The problem at this point is: who? If anyone involved in streaming acquires Roku, it then owns a gateway for cord-cutters. But so many other companies are involved in streaming, that the new Roku owner instantly would own the distribution mechanism for its competitors.
That’s a sticky situation. It makes streaming providers more hesitant to deal with Roku; they might instead turn to Amazon, who is having some success licensing its Fire TV operating system (OS) to television manufacturers. It puts Roku, at this point a subsidiary of a larger player, in an awkward position.
Meanwhile, Alphabet, Amazon and Apple (NASDAQ:AAPL) all have their own hardware (Apple’s platform is on the way). Disney and NBCUniversal won’t be looking to provide streaming services for their competitors. Smaller media companies, at this point, might be too small given Roku’s about $12 billion enterprise value.
It’s easy to assume that Roku will be bought out. But the same assumptions were made about TiVo (NASDAQ:TIVO). These aren’t the same situations, of course, but the names of potential Roku buyers being floated around don’t make all that much sense — at least not yet.
Be Careful Ahead of Earnings
Particularly with Netflix’s post-earnings flameout, ROKU stock simply looks dangerous here. Valuation is a question mark. Competition remains intense. An acquisition is far from guaranteed.

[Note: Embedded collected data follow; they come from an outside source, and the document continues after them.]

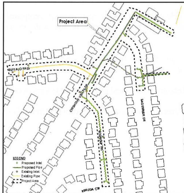
Figure 1. Study Area 3 Project Limits

At the request of the CORR Stormwater Staff, Halff Associates, Inc. (Engineer) has developed this scope and fee proposal to advance the project into design phase services for Study Area 3 in the Chisholm Valley neighborhood (see Figure 1). These services include storm drain design and ground survey, utility investigation and identification of environmental constraints to support the design process. Proposed Study Area 3 flood mitigation solutions included new storm drain on Roundup Trail, Chisholm Valley Drive, and Sagebrush Drive. This proposal assumes that the flood mitigation solution documented in Technical Memo – Chisholm Valley Drainage Assessment Project - Work Authorization No. 2 Flood Reduction Alternative Study , dated 3-19-2019, for Study Area 3.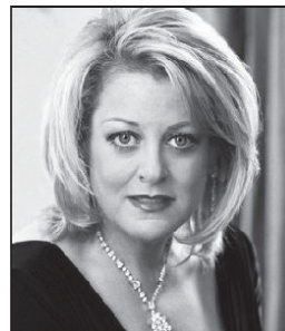
Deborah Voigt sings Isolde in WNO production.

Sunday September 15, 2013 cast party and dinner for "Tristan und Isolde" after the matinee performance. Co-sponsored by the Washington National Opera and the WSWDC. $75 for members. Magic Gourde Restaurant. Reservations required.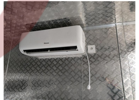
- Air Conditioner -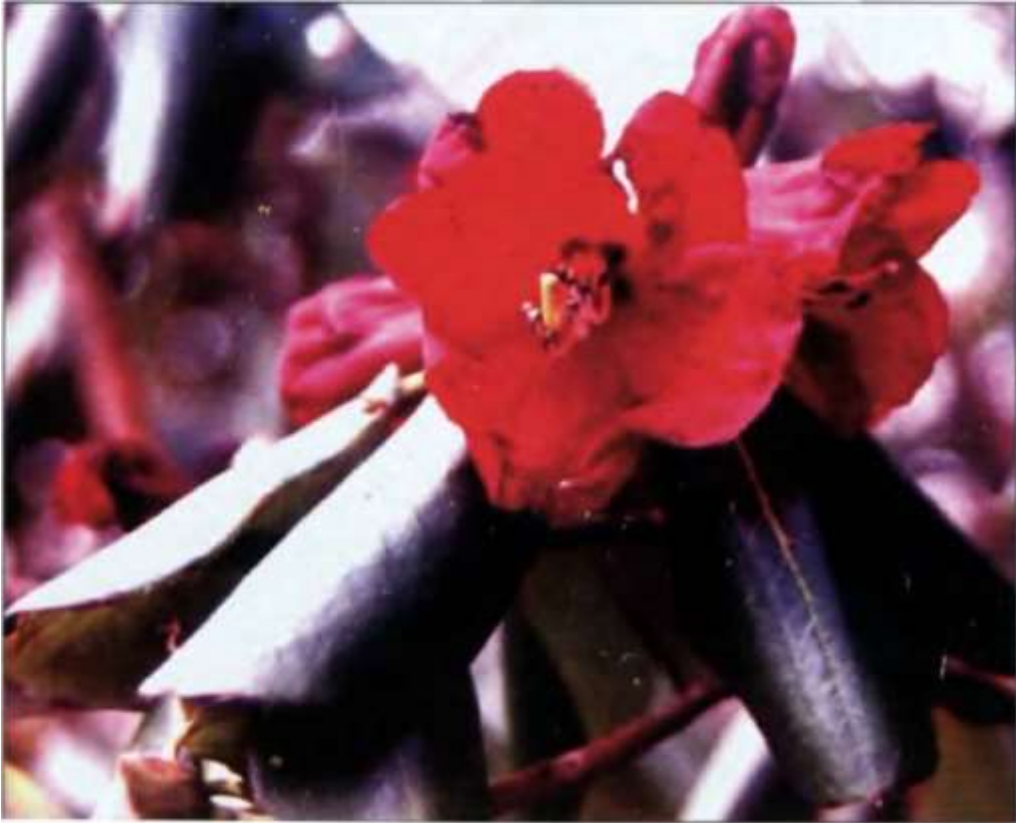
Rhododendron thornsonii Hook. f.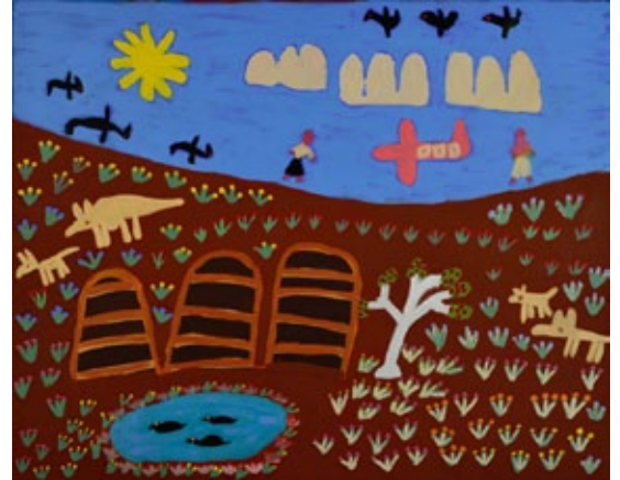
AM 9987/13 Christabella Briscoe Untitled 2013 Acrylic on canvas 1060 x 1320mm $1733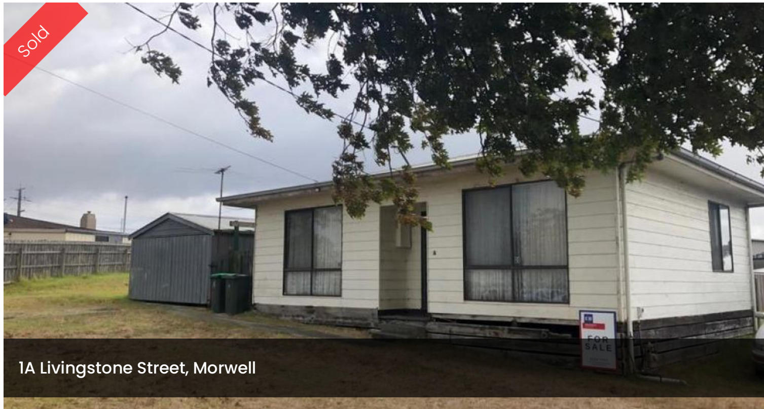
1A Livingstone Street, Morwell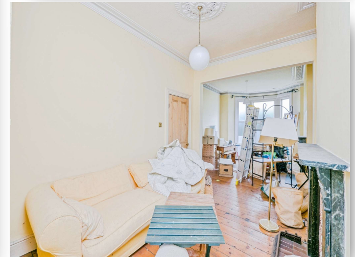
Alfred Street, Roath Cardiff CF24 4TZ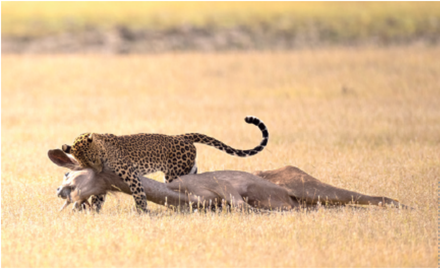
It's my prey.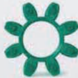
Type B Shore hardness 64 Sh D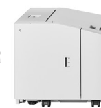
B2 HIGH-CAPACITY FEEDER 2,940 SHEETS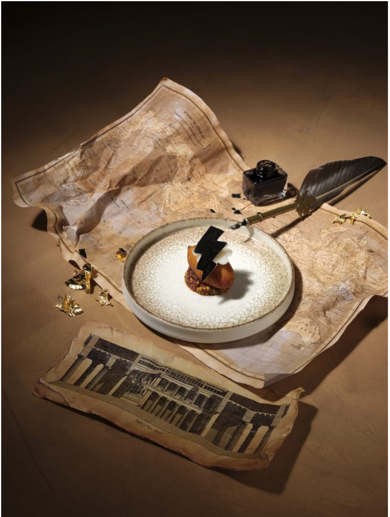
Course 1 State of Zeus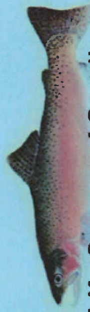
Life Stages of Steelhead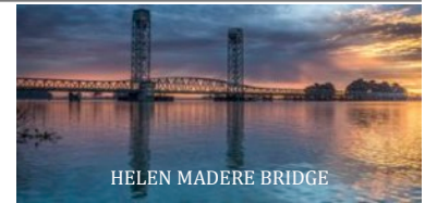
HELEN MADERE BRIDGE

"If opportunity doesn't knock, build a door." - Milton Berle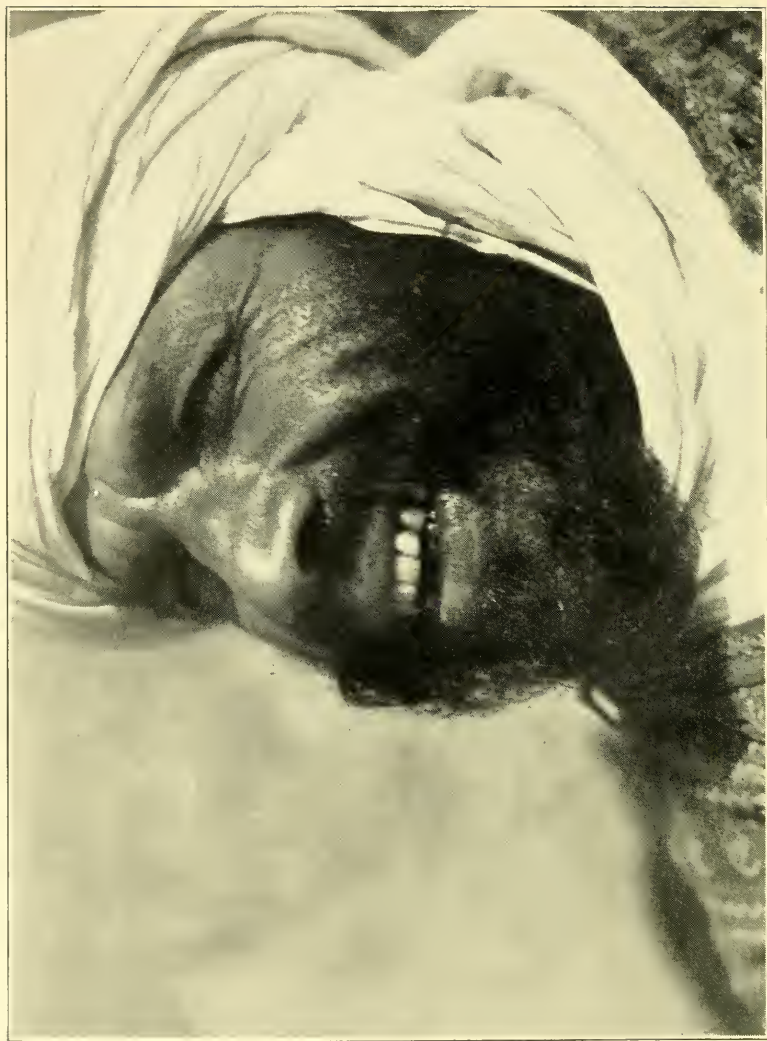
HADJE, PEDLAR OF BAGHDAD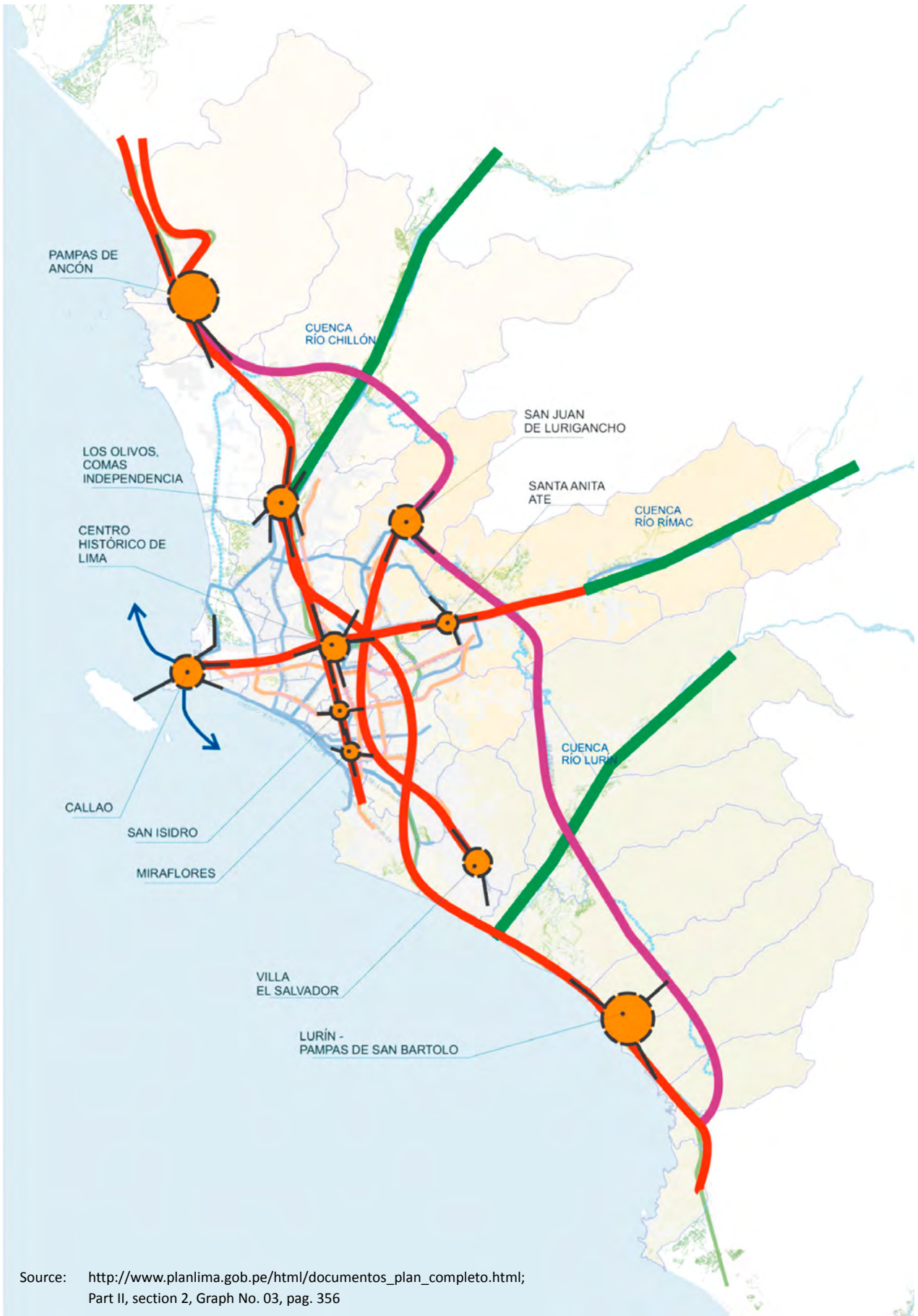
Image 7: MML Lima City Vision: Concerted Development Plan 2012 -2025 Synthesis Map

Source: http://www.planlima.gob.pe/html/documentos_plan_completo.html ; Part II, section 2, Graph No. 03, pag. 356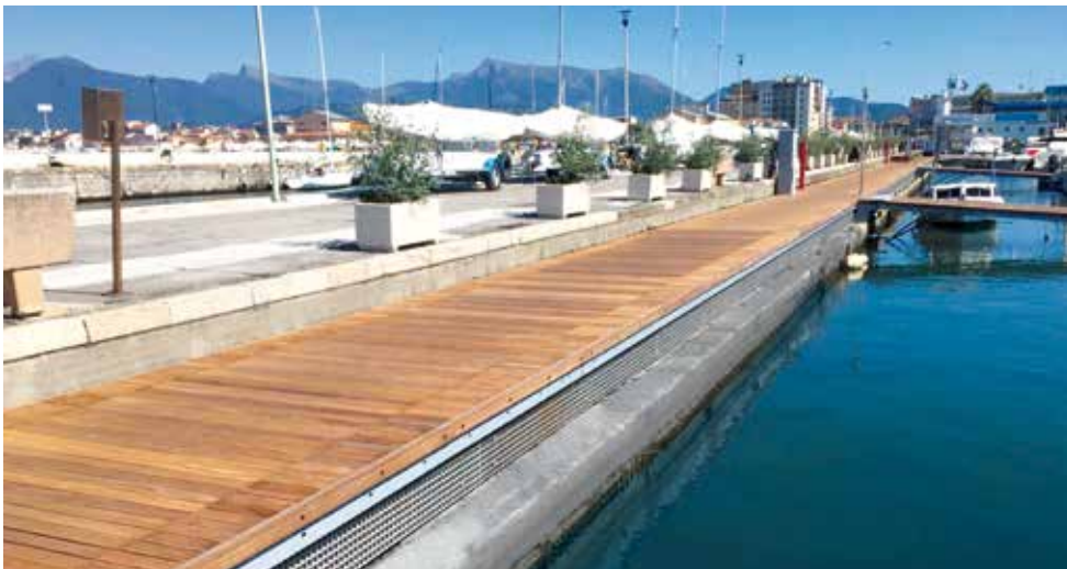
Renovation of a fixed quay, La Maddonnina, Viareggio - Italy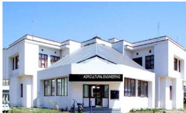
Faculty of Agricultural Engineering

The University has highly structured infrastructure facilities in terms of buildings, laboratories, lecture rooms, instructional and research farms, modern instruments/equipments, farm machinery, transport and library facilities. It has distinguished and qualified faculty positioned at all the campuses and regional research stations. The faculty members and the post-graduate students of the University have won numerous national and international recognitions in the forms of awards, honours and fellowships awarded by the prestigious professional scientific bodies/societies.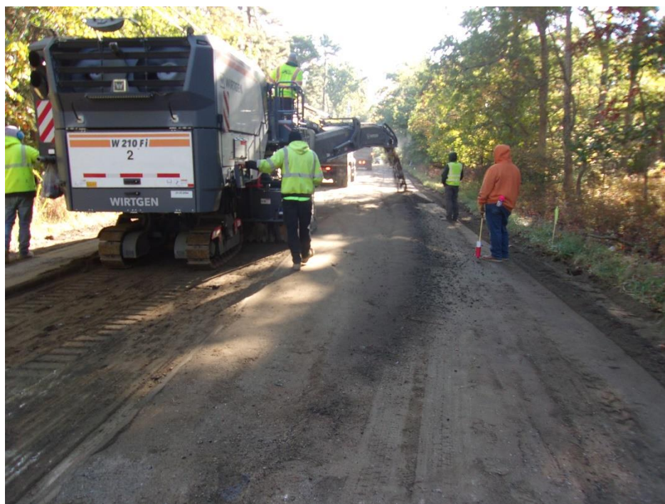
Figure 6 Contractor checks grades along Chew Road, Mill utilized in Fill areas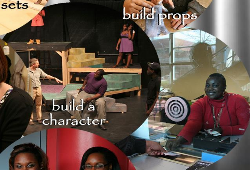
build a character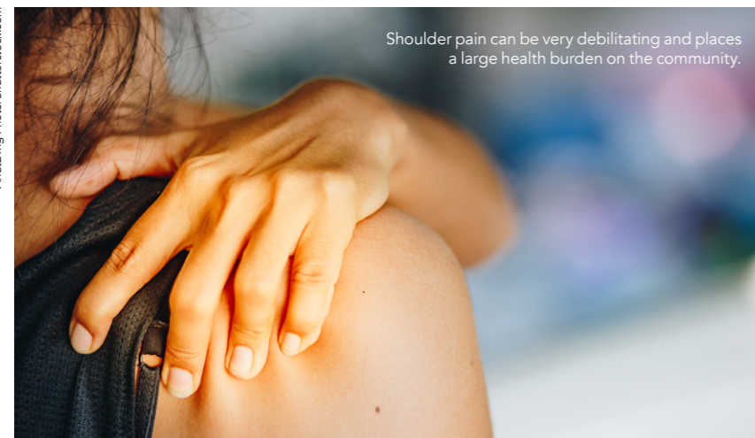
Shoulder pain can be very debilitating and places a large health burden on the community.

These studies recruit from a surgical cohort and involve the collection of tissue normally excised and discarded at surgery, as well as blood and urine samples. Collecting the samples during surgery eliminates additional injury or discomfort to participants. These studies will increase knowledge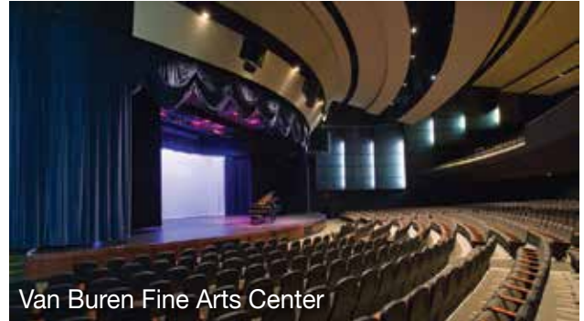
Van Buren Fine Arts Center

The Van Buren Fine Arts Center is a 1,500 seat concert hall that features state-of-the-art performing arts technology, and is uniquely designed to provide the best environment for all genres of music enjoyment. The center also features two art galleries, which display both student and professional exhibits.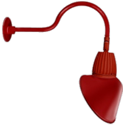
13 & 26 Watt Angled Cone Shade LED Gooseneck Luminaire designed to match the architecture of Main Street storefronts and building perimeters. LED Gooseneck Cone Shade with 24" Goose Arm Style 1.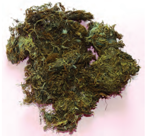
Fig. 2.3: Sphagnum moss

Commercial sphagnum moss is a dehydrated by-product of bog plants of genus Sphagnum . Commonly used moss grass is comparatively light in weight, acidic in reaction, sterile in nature and has sufficient water-holding capacity. Hence, it is commercially used as a rooting medium in air layering (Fig. 2.3).

And, as we’ve seen with Netflix, streaming growth isn’t quite as linear as some would like to believe. For ROKU, so much success is priced in that anything short of a blowout quarter next month is going to be a problem. There’s a wonderful business here, to be sure. It just might not be quite as wonderful as the ROKU stock price suggests at the moment.
As of this writing, Vince Martin has no positions in any securities mentioned.